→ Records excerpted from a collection

════════════════════

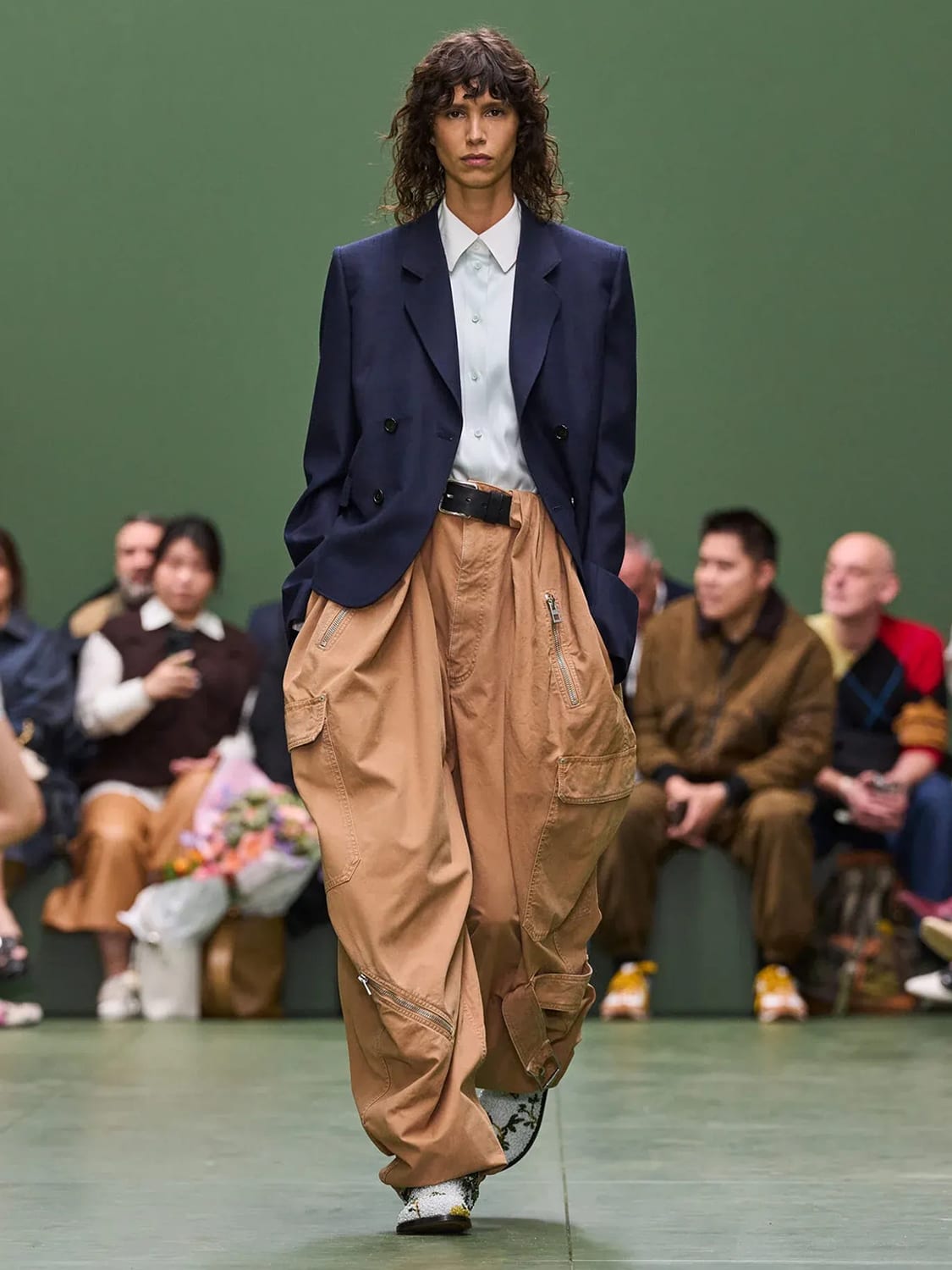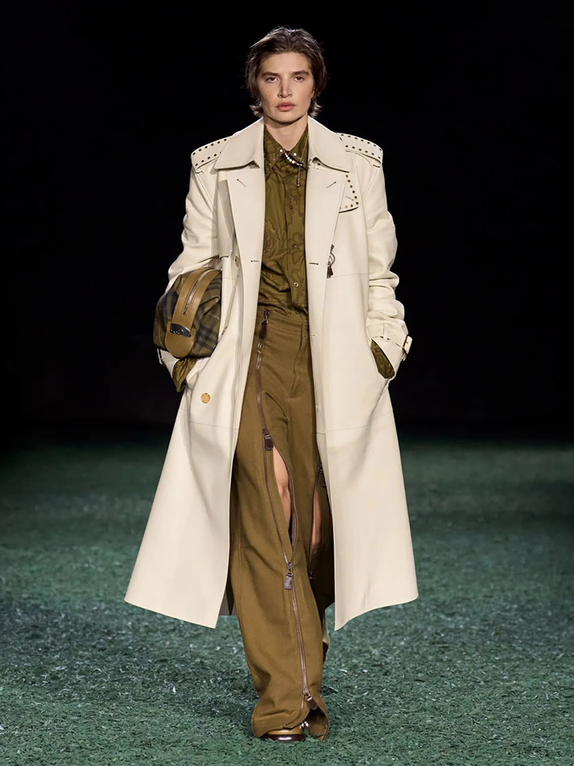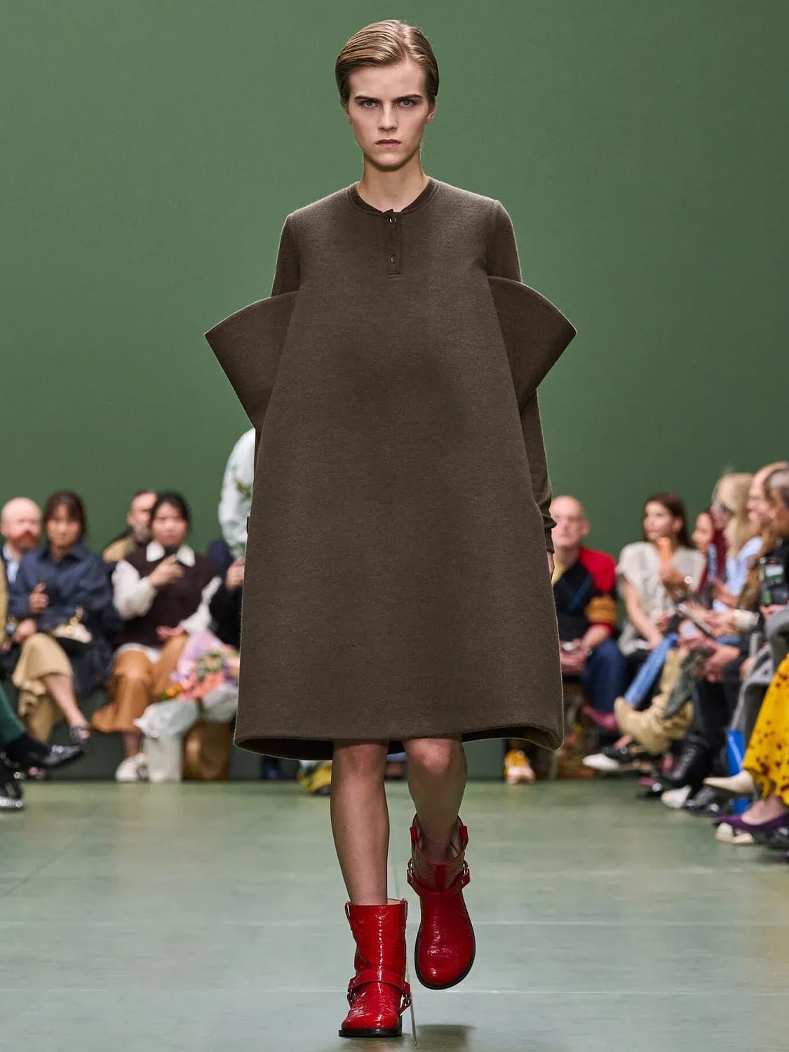Maxi-length skirts with jagged hems; asymmetrical tailoring; deconstructed collars, sleeves and closings; geometric panels and flaps that swoop out of nowhere, breaking preconceived forms – the artistic Cubist motifs of the 1910s are making a powerful comeback this season. Flowing coats and maxi dresses at Bottega Veneta are being reimagined with modern cuts, offering different perspectives on traditional garments; Designers such as Jonathan Anderson at Loewe are playing with overlapping layers and diagonal slits, merging a kind of cerebral elegance with sensuality, as a re-examination of classic fashion shapes seen with 21st Century eyes.
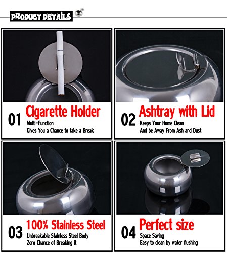 -. Feature : Made of stainless steel, drum modern design, so easy to clean / Light weight, easy to carry, very suitable for outdoor or indoor / Narrow opening for windproof. A cigarette holder welded to the inside of the lid that is very convenient for you / A beautiful art decoration for your desktop,home or office / Easy to Clean by Water Flushing
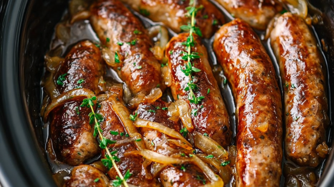 Slow Cooker 4-Ingredient Bangers and Onions
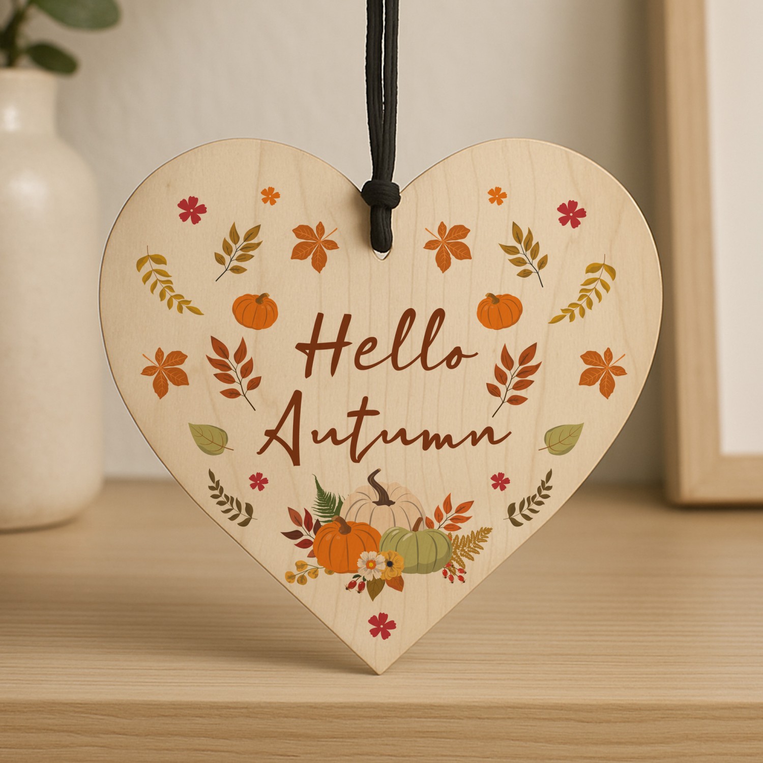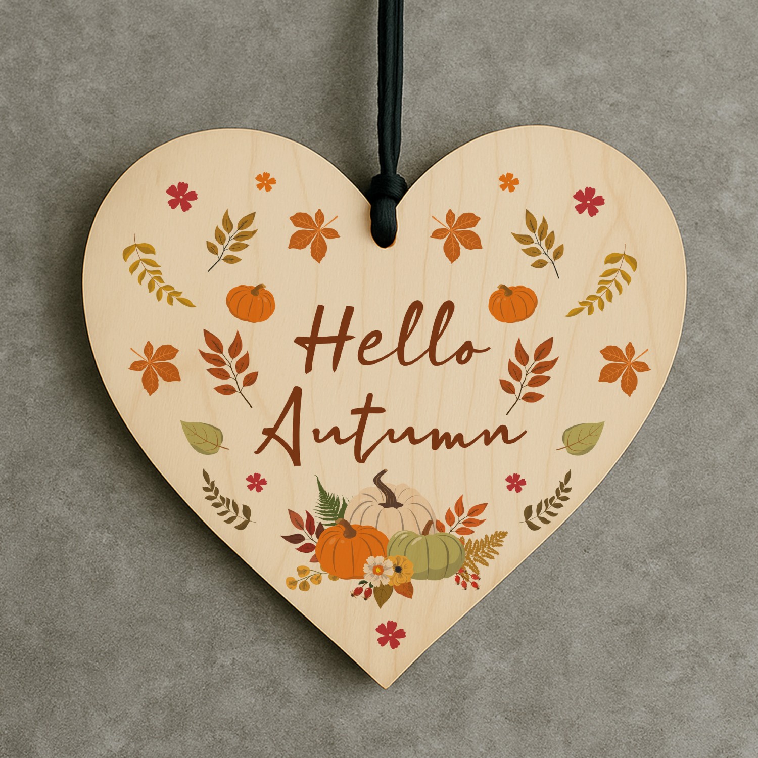 Hello Autumn Home Decor Gifts For Home Wooden Heart Plaque
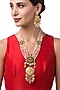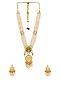 Featuring a micron gold finish handcrafted temple necklace studded with kundan polki, pearls, and beads, set in brass. It is paired with a matching pair of earrings.
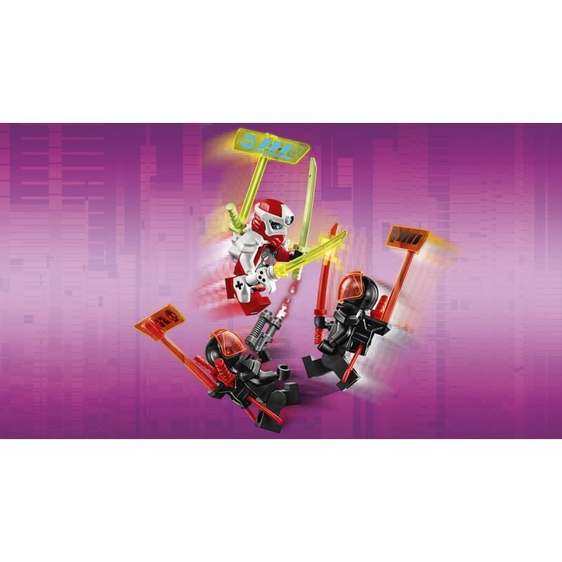 - В комплект входит летающая машина ниндзя и 4 минифигурки: Цифровой Кай из NINJAGO. Скотт и два Красных Визора. Дети будут рады спрятаться от реального мира и сражаться за Кей-Тану за рулем летающей машины.
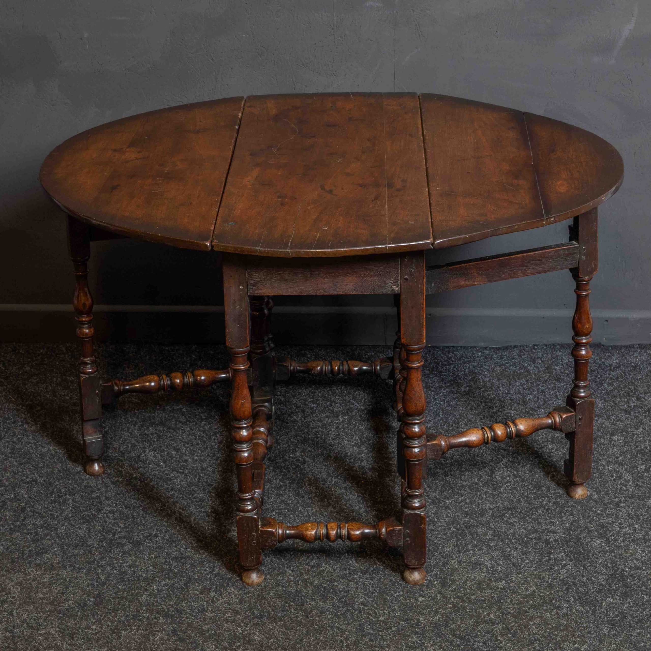 A superb early 18th century red walnut gateleg table of small proportions and with wonderful untouched patina. Probably had a small drawer at some stage but not noticeable. The legs and stretchers are crisply turned and with only a little wear given their 300 years. The walnut is of a rich warm colour and the whole is in very good condition.

════════════════════

→ TASK ITEM
Pictures stay out. Repeat only the lines from the beginning of the data through the line that has "Hello Autumn Home".

→ RESPONSE BELOW
Maxi-length skirts with jagged hems; asymmetrical tailoring; deconstructed collars, sleeves and closings; geometric panels and flaps that swoop out of nowhere, breaking preconceived forms – the artistic Cubist motifs of the 1910s are making a powerful comeback this season. Flowing coats and maxi dresses at Bottega Veneta are being reimagined with modern cuts, offering different perspectives on traditional garments; Designers such as Jonathan Anderson at Loewe are playing with overlapping layers and diagonal slits, merging a kind of cerebral elegance with sensuality, as a re-examination of classic fashion shapes seen with 21st Century eyes.
 -. Feature : Made of stainless steel, drum modern design, so easy to clean / Light weight, easy to carry, very suitable for outdoor or indoor / Narrow opening for windproof. A cigarette holder welded to the inside of the lid that is very convenient for you / A beautiful art decoration for your desktop,home or office / Easy to Clean by Water Flushing
 Slow Cooker 4-Ingredient Bangers and Onions
 Hello Autumn Home Decor Gifts For Home Wooden Heart Plaque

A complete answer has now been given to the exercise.